The boxes had been packed before the ceremony, the wedding breakfast consumed down to the last crumb. The carriage horses stamped at the gates of Lucas Lodge. Mr Collins and Papa stood awkwardly on the front steps, all that could possibly be said having already been said twice over. Papa clearly knew it, though Mr Collins was volubly impervious.
Charlotte caught Elizabeth’s hand and pulled her into the small drawing room.
“Lizzie, you will promise to write, most often and most particularly, won’t you?”
“Of course, I —-”
“And another thing. My husband and I speak as one in this matter.” That came with another of Charlotte’s awkward, blotchy flushes. Elizabeth’s insides clenched in sympathetic embarrassment.
“My father and my sister Maria come to visit me in March. Would you — dare I hope that you might make one of the party? It would mean a great deal to me.”
Elizabeth could only accept with becoming gratitude and hope something — war with Gaaldine, the end of the world, Mr Collins being struck by a lightning bolt — would prevent her having to make good on it. Though, since she must pass through Gondal Town, it would at least give her an opportunity to see Jane. Although no words of unhappiness appeared in Jane’s letters, her lack of her normal spirits came off each page like a miasma. Elizabeth would give much for an opportunity to see for herself and hear the opinions of the more sensible part of her family.
Mentions of family reminded her of another task still to do. She had thrust the still-unsent letter to Uncle John into her reticule before they had left Longbourn for church that morning.

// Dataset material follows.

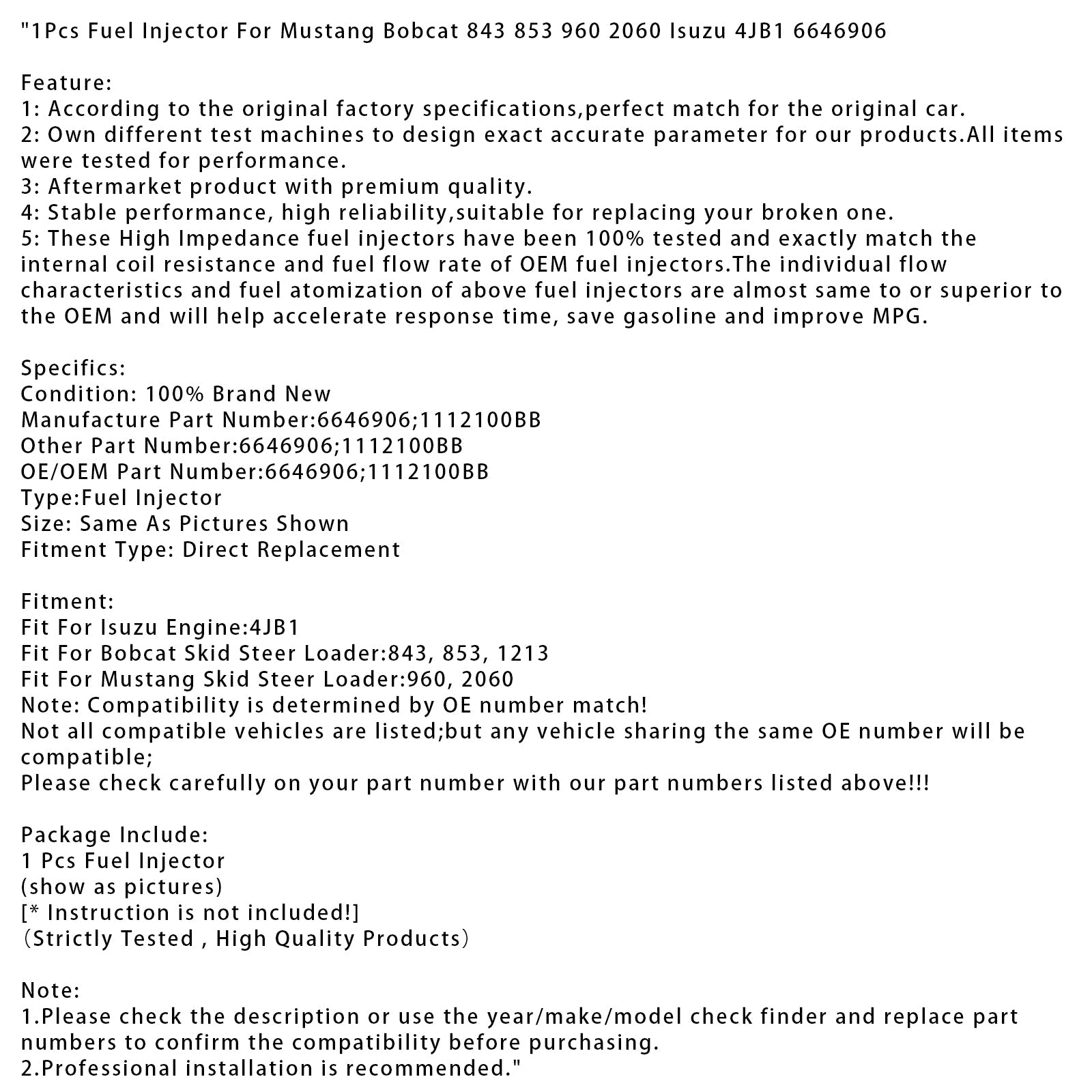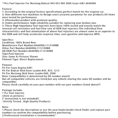 1 Stück Kraftstoffeinspritzdüse für Mustang Bobcat 843 853 960 2060 Isuzu 4JB1 6646906

“Stay here, just a moment, I have a favour I would beg of you.”
“Anything,” Charlotte breathed. Tears stood in the corners of her eyes. Elizabeth’s conscience struck her a sharp blow, but she persisted, nonetheless.
“I collect from the map my cousin showed us last night after dinner, your new home is an easy distance from the south-eastern ports?”
“Indeed. Elbe lies a little over four leagues away. When you come to us in spring perhaps we may be able to make up a party of pleasure to the coast. I have never seen the sea and I believe you have not, either?”
“I have not. That sounds delightful. But I was wondering — as you know, my uncle is at present in Gaaldine, and the landward routes are shut for the winter. I wish to send Uncle John a letter and hoped it might be possible to contrive to send it by sea. Could you enquire, when you reach Hunsford, and let me know if you have been able to send it?”
Charlotte gave her all the assurances a friend could give, especially a friend on the brink of parting from home, who seemed acutely aware of the chasm which her marriage had opened up between her and the Duplessis family. However unlovely Charlotte’s husband, he was the heir apparent of Longbourn, and a more sensible woman than Mama would surely find the prospect of being supplanted by a girl she had known from the cradle more than she could reasonably bear.
The letter was handed over, the die was cast, and Elizabeth watched the carriage rattle away round the bend of the south-bound road.